Em Trás-os-Montes, uma pequena aldeia nos arredores do Tarrafal e um dos berços do “panu di terra”, há cerca de 15 anos era uma arte que praticamente tinha desaparecido.
“Era algo muito tradicional, mas já estava quase morta. Depois as mulheres receberam formação e continuaram a fazer pano de terra. As pessoas mais adultas já tinham abandonado a arte, mas agora há mais mulheres a fazer e é algo mesmo tradicional, as pessoas gostam muito dos diferentes padrões”, explica Neusa Pires.
O “pano de terra” resulta numa faixa longa e estreita, que chega aos 180 centímetros de comprimento por 17 de largura, usado ao longo da história em momentos importantes e que hoje, enquanto verdadeira imagem de marca de Cabo Verde, é procurado pelos turistas, nos diferentes padrões.
Jandira Tavares, 32 anos, natural de Trás-os-Montes, é uma das mulheres que desde 2009, todos os dias, trabalha no tear daquele centro.
“Hoje é o meu principal trabalho. Há um pano mais simples, o pano de obra, que demoro quatro horas a fazer, mas há um mais complicado, com padrões, que demoro dois dias”, explicou, recordando que alguns ainda servem atualmente para as mulheres segurarem as crianças às costas, ou simplesmente para usar na cintura ou como cachecol.
Os preços de cada pano variam entre os 1.200 e os 2.000 escudos (11 e 18 euros), mas o negócio, confessa, caiu desde o início da pandemia, dificultando o sustento da casa: “Não, é difícil.
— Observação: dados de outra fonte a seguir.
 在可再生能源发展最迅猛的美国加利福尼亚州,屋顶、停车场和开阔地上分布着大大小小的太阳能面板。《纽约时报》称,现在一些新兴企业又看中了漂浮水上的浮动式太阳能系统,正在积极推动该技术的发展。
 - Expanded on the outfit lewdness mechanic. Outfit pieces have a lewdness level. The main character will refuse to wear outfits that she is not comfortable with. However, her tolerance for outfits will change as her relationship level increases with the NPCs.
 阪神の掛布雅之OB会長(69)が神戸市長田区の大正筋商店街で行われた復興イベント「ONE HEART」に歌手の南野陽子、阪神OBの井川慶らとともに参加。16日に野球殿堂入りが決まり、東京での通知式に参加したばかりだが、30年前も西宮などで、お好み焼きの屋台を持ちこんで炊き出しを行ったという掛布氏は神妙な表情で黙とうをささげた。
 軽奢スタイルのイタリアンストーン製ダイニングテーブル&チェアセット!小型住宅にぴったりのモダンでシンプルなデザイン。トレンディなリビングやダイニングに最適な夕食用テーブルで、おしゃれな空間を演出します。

A maior parte das vendas são para turistas, mas agora não há turistas, há poucas vendas”.
Jandira confessa o orgulho que tem por perpetuar esta arte da aldeia, sem esconder algumas das dificuldades do dia de trabalho, que vai das 10:00 às 16:00.
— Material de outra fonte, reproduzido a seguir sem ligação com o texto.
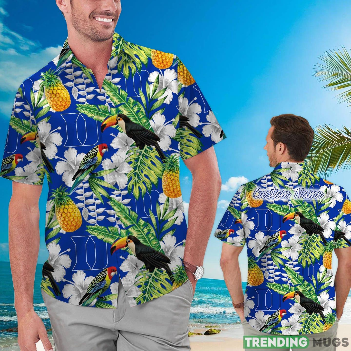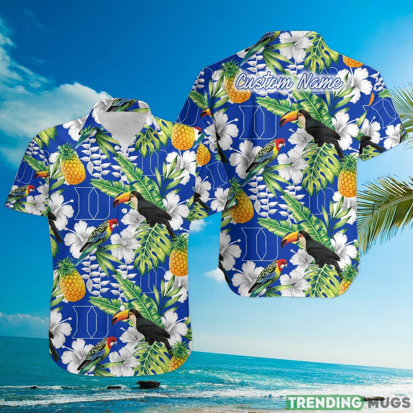 Duke Blue Devils Custom Name Parrot Floral Tropical Hawaiian Shirt Details: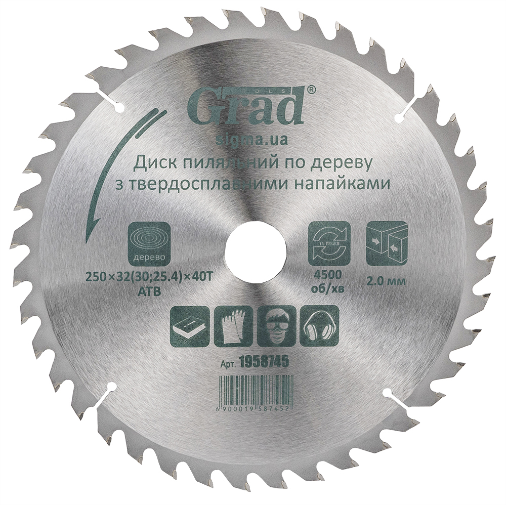 Опис Диск пильний по дереву з твердосплавними напайками 250*32(30;25.4)*40T GRAD (1958745) код товару 1958745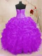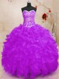 Sweetheart Sleeveless Quinceanera Dresses Floor Length Beading and Ruffles and Sequins Purple Organza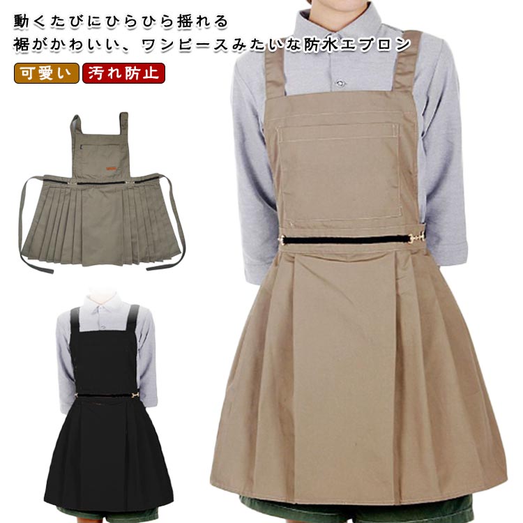カフェエプロン おしゃれ エプロン ワンピースエプロン レディース 可愛い 絵描き お手伝い シンプル 無地 料理教室 防水 保育士 大人可愛い 学校行事 ギフト プレゼント プリー カフェ

“O mais difícil é esticar a linha e quando estamos a fazer os panos complicados e as linhas saem do lugar. Fica muito complicado encontrar o seu lugar certo. É e por isso que muita gente não consegue continuar”, conta.
Dificuldades partilhadas por Rosilda Furtado, 31 anos, que teve formação no centro, onde permanece a trabalhar, na mesma altura.
“Até então não sabia, mas já tinha ouvido falar e visto pessoas mais adultas a fazer o pano. Se não fosse a formação, até agora a arte já tinha sido esquecida”, conta, enquanto manuseia o tear, a força de braços, ao longo de várias horas, para acabar uma única peça. Um “pano de obra”, que é de uso mais diário.
“Sim, custa. Mas eu gosto (…) Gosto do que faço e de manter a tradição”, atira.
Neusa Pires admite o “orgulho” com o trabalho feito nos últimos anos no Centro de Artes e Ofícios de Trás-os-Montes, que surgiu vários anos depois da desativação da cooperativa que ali existia, na preservação da cultura e tradições da aldeia, que se estende ainda à olaria e cestaria também típicas da localidade.
“Trabalhamos com as mulheres de Trás-os-Montes em olaria, com barro, e também com cestaria, fazemos cestos, balaios, chapéus, e também com pano de terra, que é a nossa tradição. Por dia, são oito mulheres a fazer os trabalhos. Cinco trabalham na olaria e três fazem pano de terra”, acrescenta.
O trabalho feito naquele centro, a quase dez minutos de viagem do centro do Tarrafal, praticamente no extremo norte da ilha de Santiago, é sobretudo vendido nas feiras, localmente.
“Mas com a pandemia tudo está difícil, mas as vendas diminuíram. Mesmo assim continuamos a trabalhar na tecelagem. Mas fico muito contente porque muita gente vem de longe para ver o que fazemos aqui”, reconhece a responsável.